EĞİTİMDE ŞİDDET MODELİ

Abone Ol

Bursa'nın Yıldırım İlçesi'ndeki Mahmut Celalettin Ökten İmam Hatip Ortaokulu Müdürü Ergin Kaya Kırbıyık'ın, okul müdür yardımcısı kadın öğretmene ait odaya kapıyı kırarak girmesi ve zorla odanın boşaltılması ile açıkça suç işlemiştir. Diğer yandan ülkemizde eğitimin geldiği son noktayı göstermesi açısından dikkate değer niteliktedir.

Kapının kırılarak içeri girilmesindeki asıl neden, kadın müdür yardımcısının türban takmıyor olması. Kırbıyık bu olaydan önce de “Okulda başı açık kız öğrenci istemiyorum” demiş ve bu söyleminden ötürü hakkında suç duyurusunda bulunulduğunu yazıyor gazeteler. Hal böyleyken bu müdür, kapıyı kırma gücünü nereden alıyor? Müdür bu eylemi ile açığa alındı. Ancak açığa almanın caydırıcı bir sonuç olmayacağını, çünkü yakın zamanda benzeri yeni eylemlerle açıkça göreceğiz.

Müdürün yardımcısına yaklaşık bir yıldır mobbing (yıpratma ve yıldırma) uyguladığı haberlerini alıyoruz. Oysa iktidar bütün okulları imam hatipleştirmek için büyük gayret sarfediyor. Müdürün eylemi mevcut eğitim sisteminin dışa vurumundan öte bir şey değildir.

Türban geçmişte sözde bir masumiyetin simgesi idi. Ancak geçmişte türban takan hiçbir kadına böylesine kaba ve fiili bir şiddet hiçbir zaman kullanılmadı. Bugün bir kadın öğretmene neden türban takmıyorsun diye yapılan şiddet uygulaması, çarpıcı bir örnek oluşturmaktadır.

Müdürün şu sözleri eylem ve zihniyetini açıkça perçinlemektedir; “Bizler İslam'ın değerlerini savunuyoruz, bu yüzden şort giyen veya başını örtmeyen öğrencilere müdahale ederiz” diyor. Peki sana bu gücü ve yetkiyi kimler veriyor.

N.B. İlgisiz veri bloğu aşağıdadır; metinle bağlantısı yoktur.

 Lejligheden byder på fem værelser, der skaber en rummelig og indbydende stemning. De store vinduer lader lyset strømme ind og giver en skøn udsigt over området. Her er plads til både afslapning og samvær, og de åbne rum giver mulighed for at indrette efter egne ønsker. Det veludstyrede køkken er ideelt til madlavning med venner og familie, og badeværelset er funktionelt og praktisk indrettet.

Eğitimin kalitesini niteliksizleştiren mevcut iktidar, şiddeti bir model olarak görmektedir. Müdürün eylemi bu zihniyetin yansımasıdır. Hiç düşünülmez mi sen o okulda tüm öğrenci hatta öğretmenlerin rol model aldığı kişisin. Oysa “Balık baştan bozuluyor” Durum aynen hoca, cemaat meselesidir. Müdürün tekmeleyerek kapı kırdığı yerde, öğrenci okulu havaya kaldırır.

Eğitim ve şiddet yan yana gelmeyecek iki zıt sözcük. Ancak müdür şiddetin mimarı. Öğretmen öğrencisini döverse, şiddeti bir çözüm olarak alırsa. Yarın o öğrenci askerde komutan olur seni döğer. Karakolda polis olur seni döğer. Şiddet şiddeti doğurur. Sonuçta şiddet ilkel bir yöntem olup, uygar insanların uygulayacağı bir model olamaz. Çağdaş eğitimde yeri yoktur.

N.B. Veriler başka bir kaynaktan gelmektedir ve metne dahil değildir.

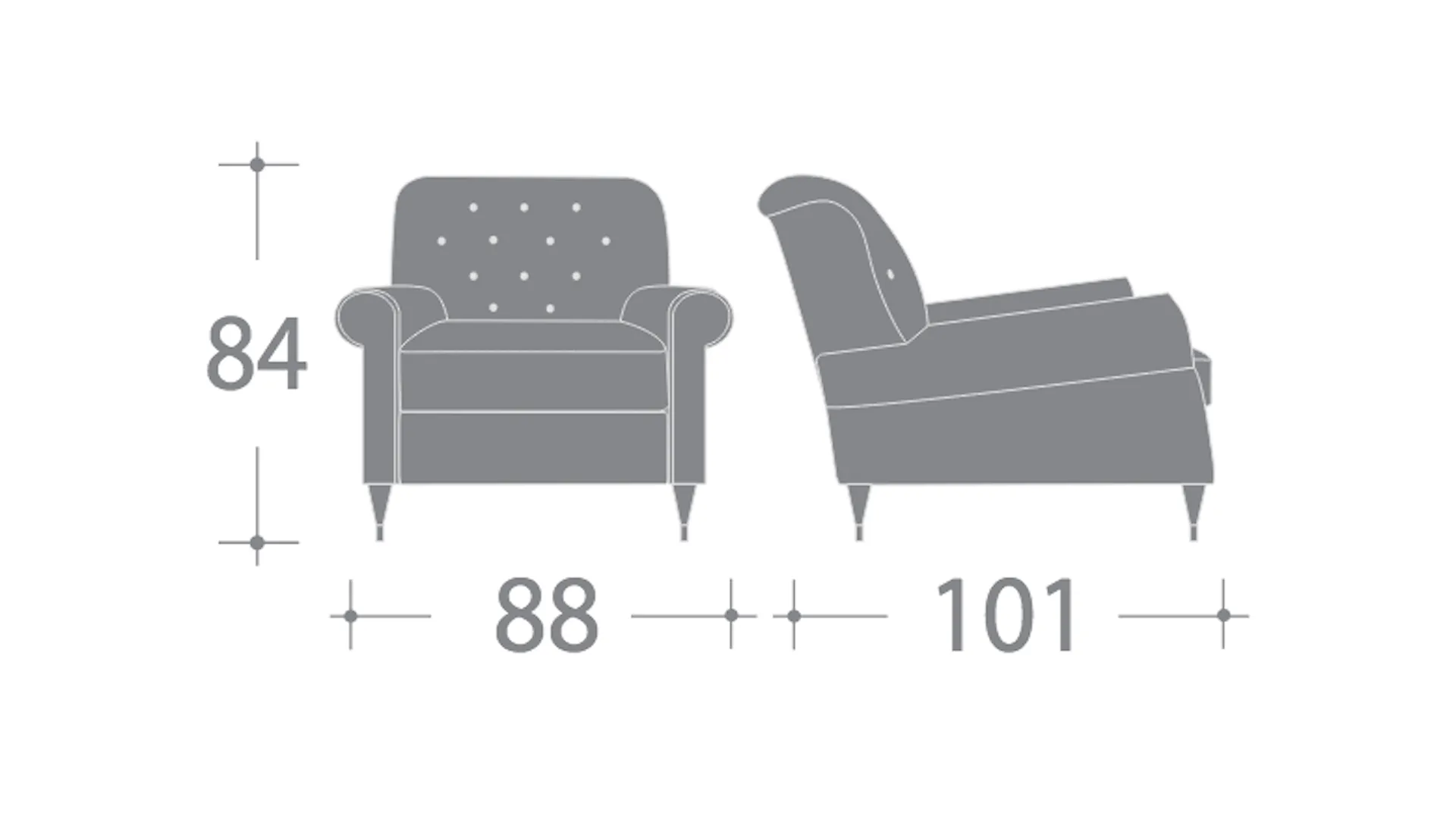 Wood frame, intertwined elastic belts with high rubber content. Different densities polyu-rethane foam filling. Seat cushion filled with goose down and polyurethane foam inset. Ca-pitonné manufactoring on back cushion. Wood feet ( front feet with steel wheels).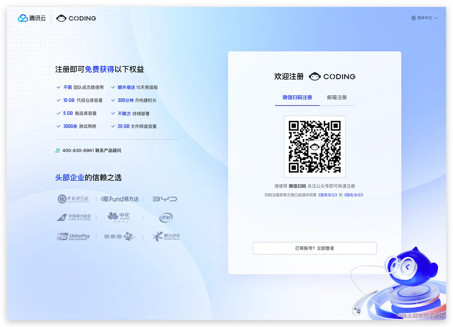 除原有邮箱注册方式以外,CODING 新增微信扫码注册方式。用户扫码关注 CODING 服务号并开启微信通知后,可在微信内接收关键事项通知(如事项待办、版本到期提醒等)。

Şiddet öğrencinin veya insanın zihinsel, bedensel, hatta duygusal gelişiminde olumsuz etkiler yaratır. Şiddet ister yöneticiden öğretmene, ister öğretmenden öğrenciye, hatta öğrenciden öğrenciye de olsa hoş görü ile karşılanacak bir durum değildir.

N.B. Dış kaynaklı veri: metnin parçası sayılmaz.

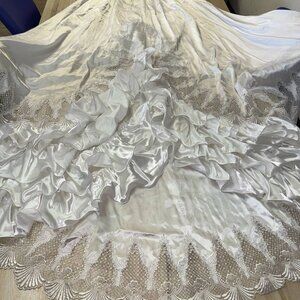 Jean Phoenix Bridal wedding dress with puffed shoulders, lace sleeves, lace v-neckline, and a long train with ruffles.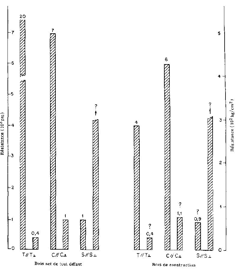 Les comparaisons de la résistance du bois de sapin Douglas en tension (T) compression (C) cisaillement (S) soit parallèlement au fil (//) soit perpendiculairement (^) montrent les extrêmes de la contribution de la nature aux propriétés du bois. La comparaison entre le bois net de défauts et le bois d'uvre couramment utilisé pour la construction montre l'effet de l'intervention de l'homme Noter que c'est essentiellement la tension parallèle au fil qui est amoindrie tandis que les autres propriétés changent très peu. Les points d'interrogation indiquent l'absence de valeurs spécifiques bien connues pour les propriétés en cause.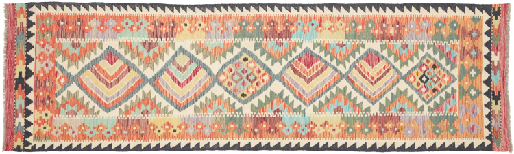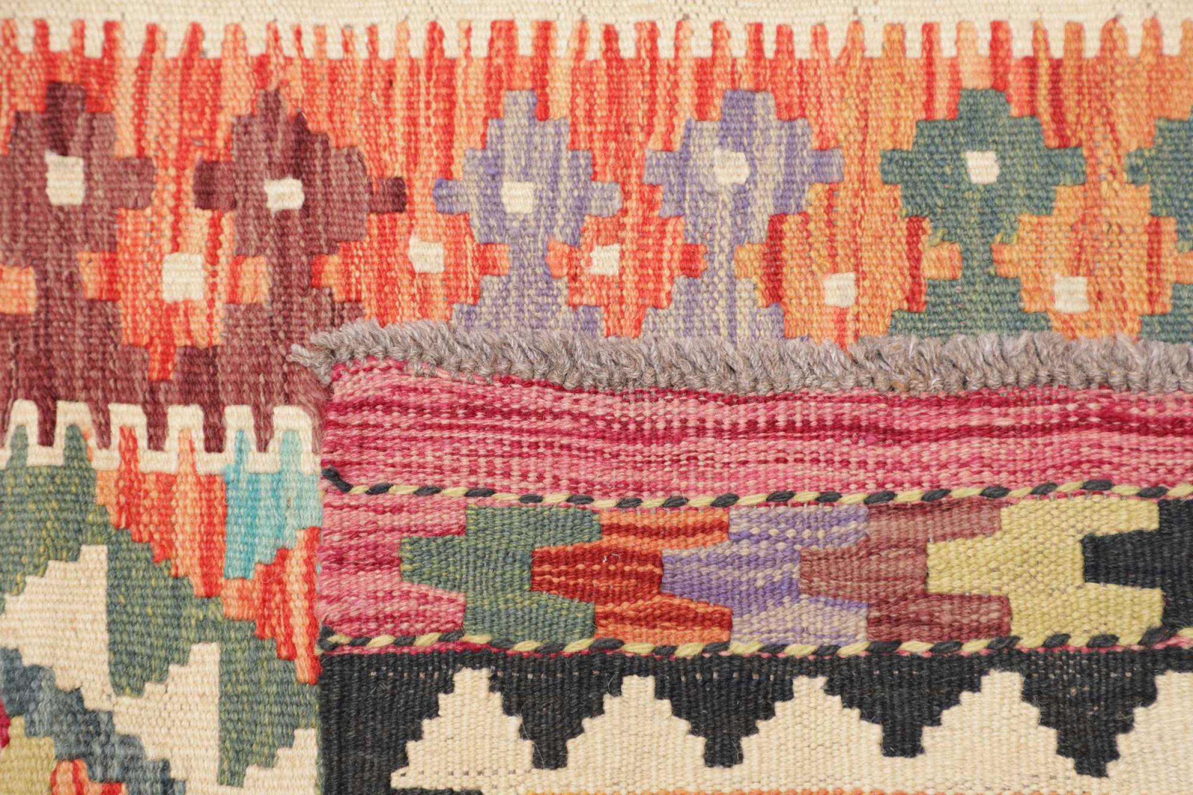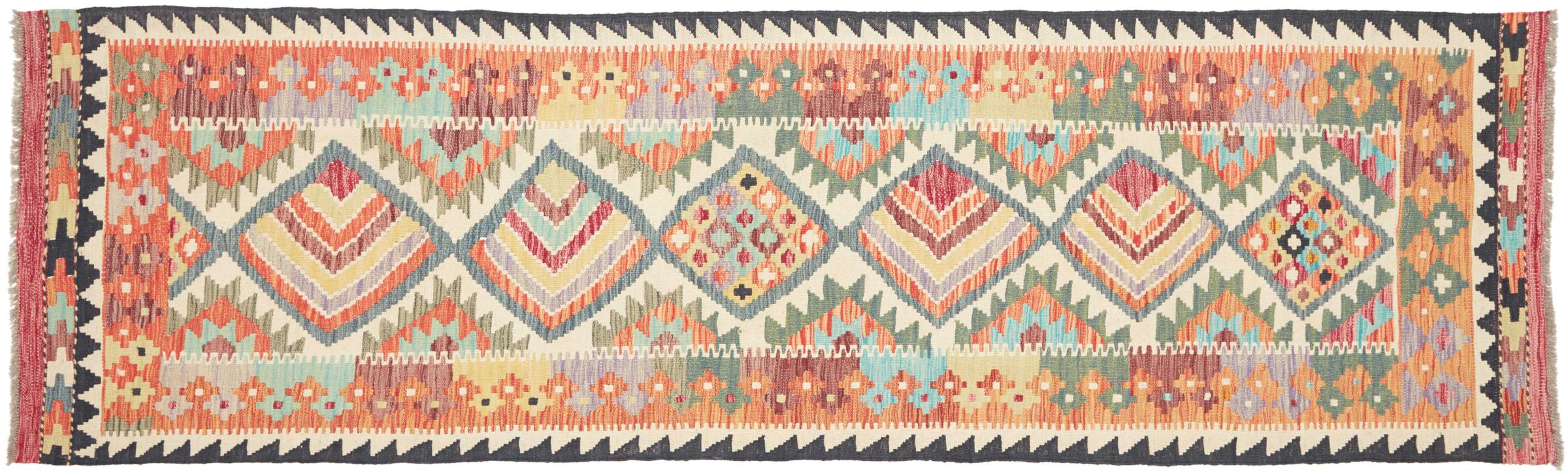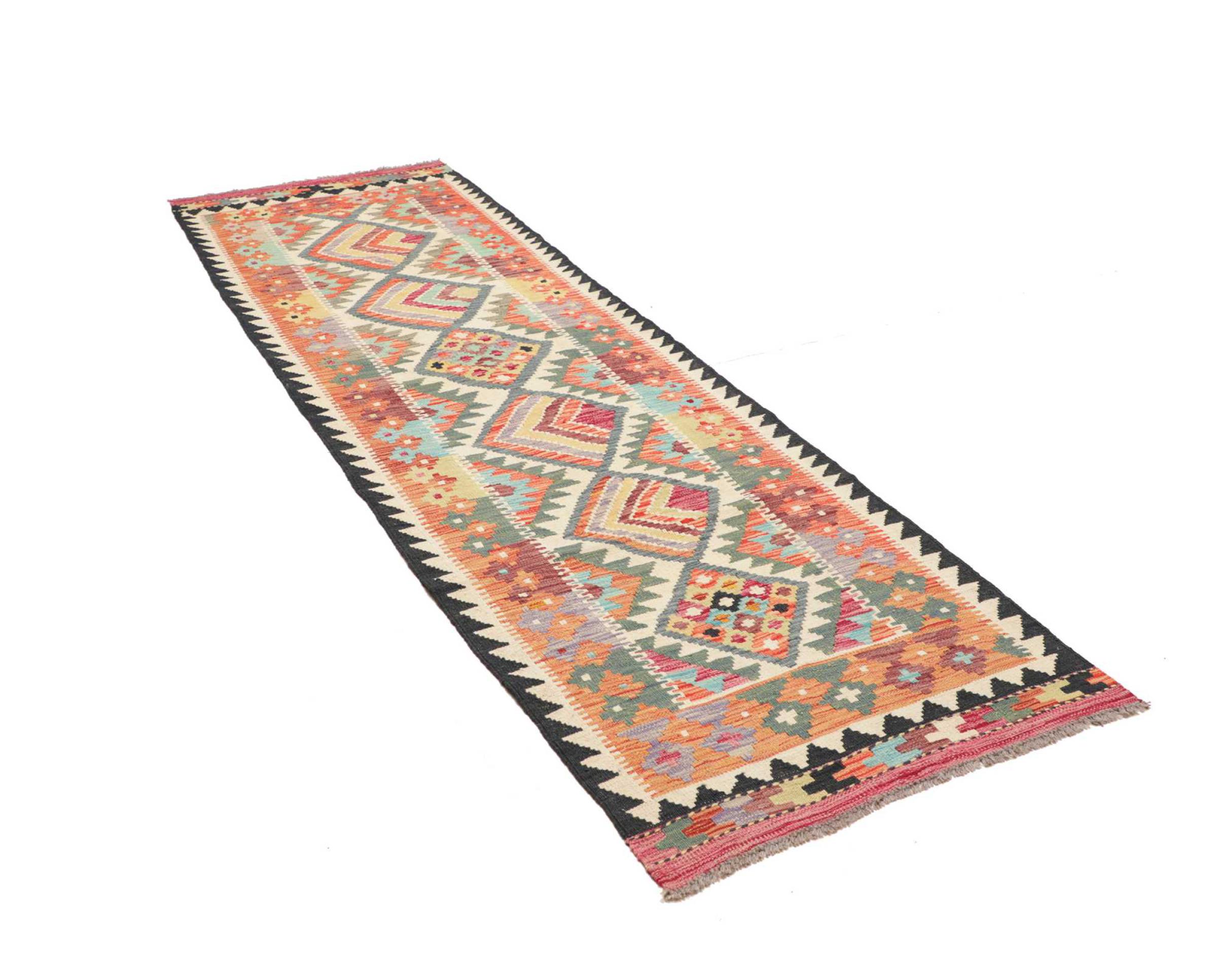Deze handgeweven kilim Afghan is prachtig door de veelzijdige kleuren en het typische patroon. Het is handgeweven in Afghanistan van 100% schapenwol. Het is ongetwijfeld robuuster en duurzamer dan machinaal vervaardigde tapijten. Daarnaast heeft deze kelim een ​​heel eigen karakter. Een uniek stuk voor jou en je huis dat je nooit meer zult vinden.

Şiddet sadece okulda değil, ailede ve toplumda da meşruluk kazanırsa işin içinden kökten çıkılamaz. Şiddeti çağrıştıran şu sözler bizim toplumumuza aittir: “Hocanın vurduğu yerde gül biter…Hocası değil mi hem sever, hem döver…Eti senin kemiği benim.” Günümüzde kısmen bu anlayışlar değişse de, toplumsal mayamız bu merkezdedir. Böyle de olsa, yine de bir iyi niyeti ve sonunda eğitimciye duyulan bir güveni  sembolize ediyordu. Bunu iyiye kullanıp iyi yerlere gelemedik. Aksine “vur deyince öldüren” bir konuma evirildik.

Çevremizde gördüğümüz şiddet olayları toplumun derinliklerinde mayalanan şiddet anlayışının tortularıdır. Şiddeti önlemek için İmam Hatip Ortaokulu Müdürü Ergin Kaya Kırbıyık'ın açığa alınması sadece bataklıkta tek tek sivrisinek ayıklamaktır. Eğitimde şiddet bataklığını kurutmadan köklü çözüme olanak var mı?